The simplest way to publish a model is to use the Setup Web Service button and simply publish the model as a web service classic. This option converts your model from an experiment to a predictive experiment by eliminating data splits, training and other unnecessary steps in a model after you have decided on its features and algorithms. You run the model one last time to check the results and you are ready to go with an API key for others to use on Azure.
Scalability & Performance
Deploying does raise the issues of what am I deploying to‚??-‚??What are the hardware resources I can use, what is my service level guarantee, is it a dedicated or multi-tenant cloud, security, etc..?
Azure Machine Learning Service is multi-tenant and computes resources used on the back end will vary and are optimized for performance and predictability. The studio can be deployed on free tier with data sets no larger than 10 GB or on the standard paid tier which allows the use of many more paid resources and BYO storage.
One of the hot issues in data science is using GPUs to achieve very fast computing performance. I do see the Azure offers GPUs for compute-intensive applications, but I don't see a way to directly specify GPUs for Studio as it is a multi-tenant service. Perhaps the way to guarantee the compute performance needed is through the paid SLA that is part of the standard paid tier or Microsoft may have other methods of guaranteeing GPU access that isn't obvious in what I have read.
Microsoft has done an outstanding job of building a cloud service that clarifies, simplifies and ensures the integrity of the process of building machine learning models. Their process lays out visually a simple clear method of acquiring data, offers tools for cleansing data and choices of models. The studio goes on to require training and model scoring and will not let you proceed unless prior steps are correctly executed. Ultimately, Studio even makes deployment of models as a web service easy.
But as I said in the title, Studio is not a panacea that allows anyone to build machine learning models. Machine learning is complex and data science knowledge is still required. A user would need statistical knowledge to understand which algorithms to choose, how to choose features and to interpret the scoring results as to which model is the best fit for your circumstances.

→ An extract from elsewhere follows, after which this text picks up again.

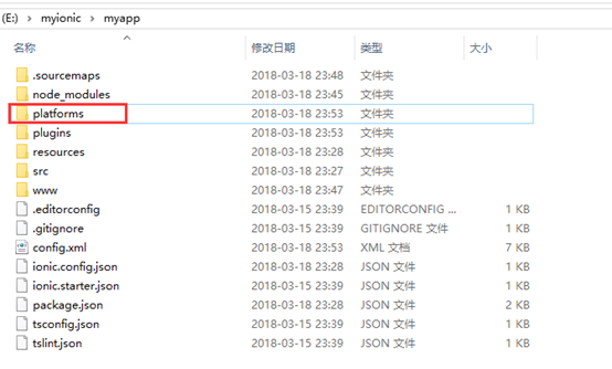 添加完平台后app目录下会多了一个 platforms 文件夹

Also, to allow more flexibility modules may be inserted into the flow of cleansing and transforming data that can be custom built in R or Python, etc.. This requires programming skills.

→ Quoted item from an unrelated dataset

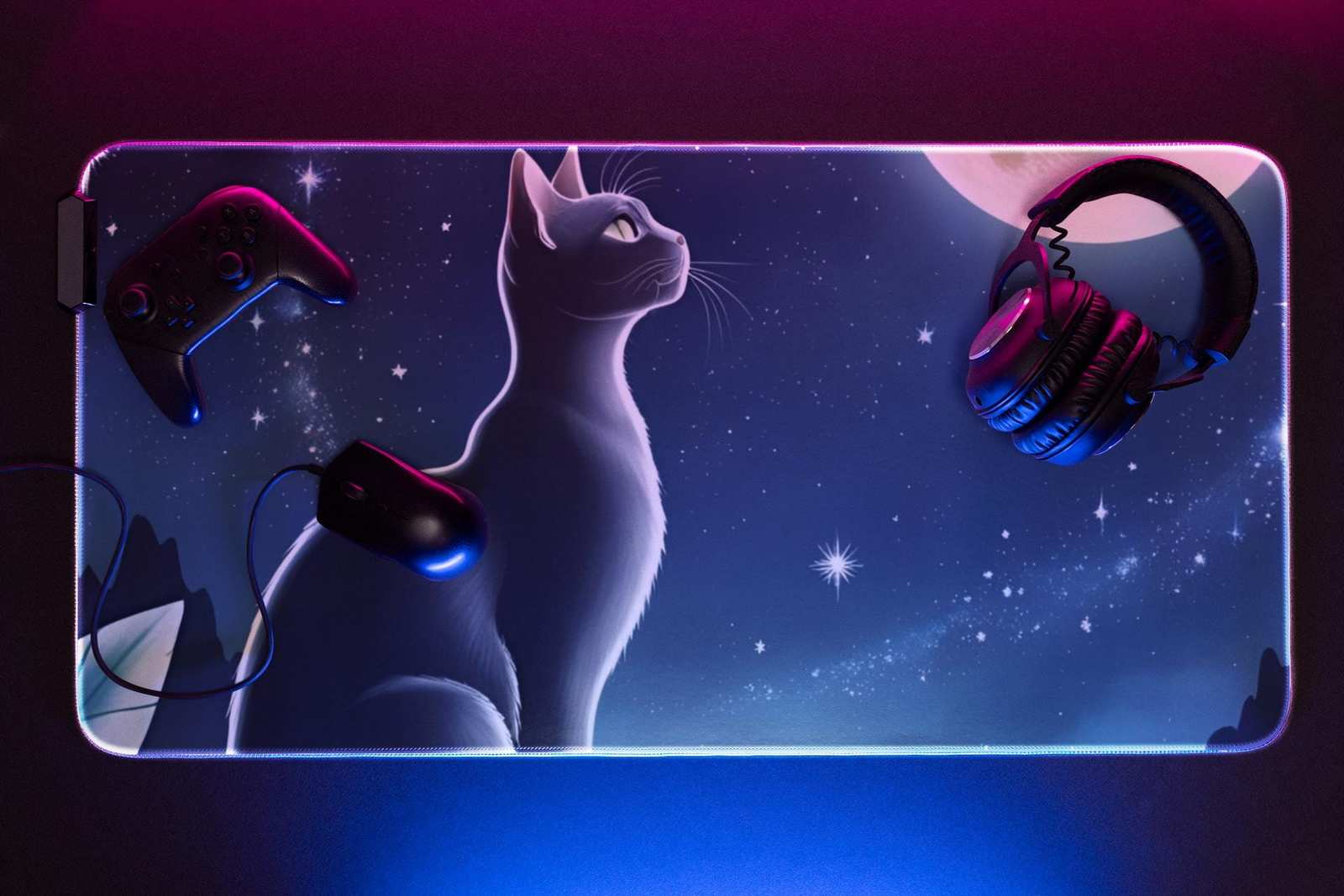 - Celestial Cat Desk Mat, Cosmic Office Mouse Pad, Workstation Accessory, Gaming M

To take this product the next step for citizen data scientists Microsoft must offer more data science intelligence built in. Imagine if Studio could look at your data and what you want to predict and run through a series of algorithms, try different features, score the models and then offer up the model with the best-recommended fit! That would save the user a lot of time, effort, cost and require less heavy data science knowledge of the user.

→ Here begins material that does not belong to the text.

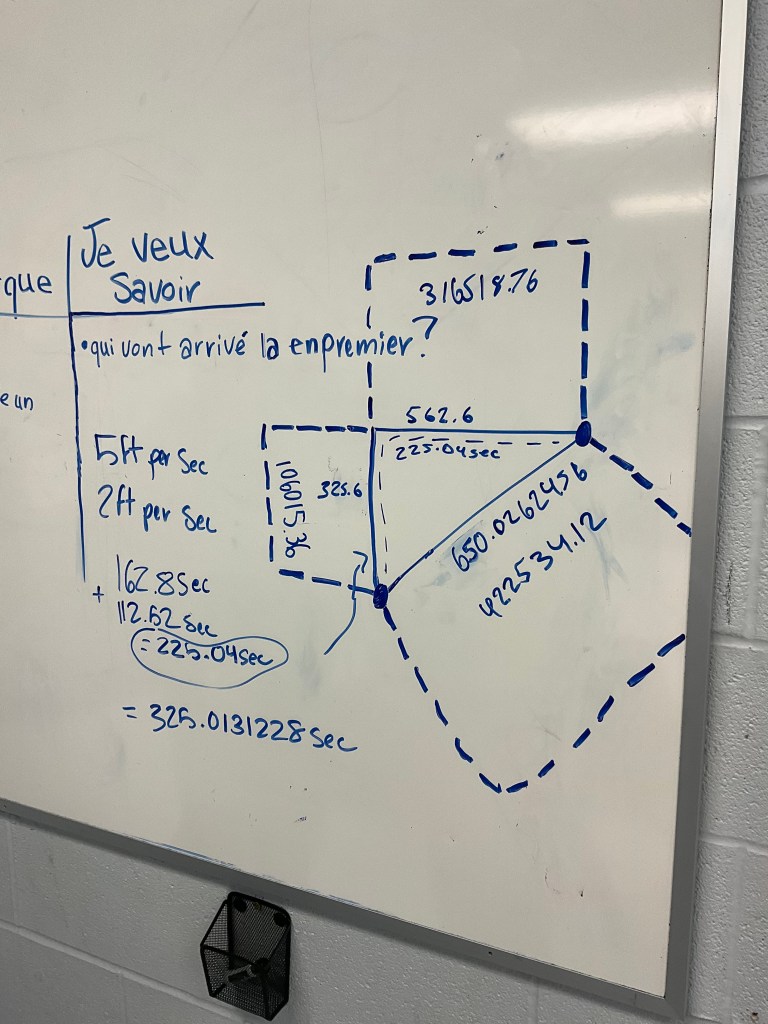 For Act 3 we had a look at the features of the various student solutions. The use of a clear diagram, and showing calculations and explaining a bit about how to think through the rates of ft/s and how that affects the answers, and then how to convert to minutes. We then watched the 3rd video and saw how close we came.

I think Studio will work well for many users seeking to build models including citizen data scientists seeking a drag-and-drop solution with pre-built algorithms to more advanced enterprise users who can incorporate Studio work into an even broader ecosystem of Microsoft's Azure Machine Learning Service. This service allows data scientists to work in a Python environment, provides more control over machine learning algorithms, deployment and supports open-source machine learning frameworks like PyTorch, TensorFlow, and scikit-learn. I look forward to working with this product more.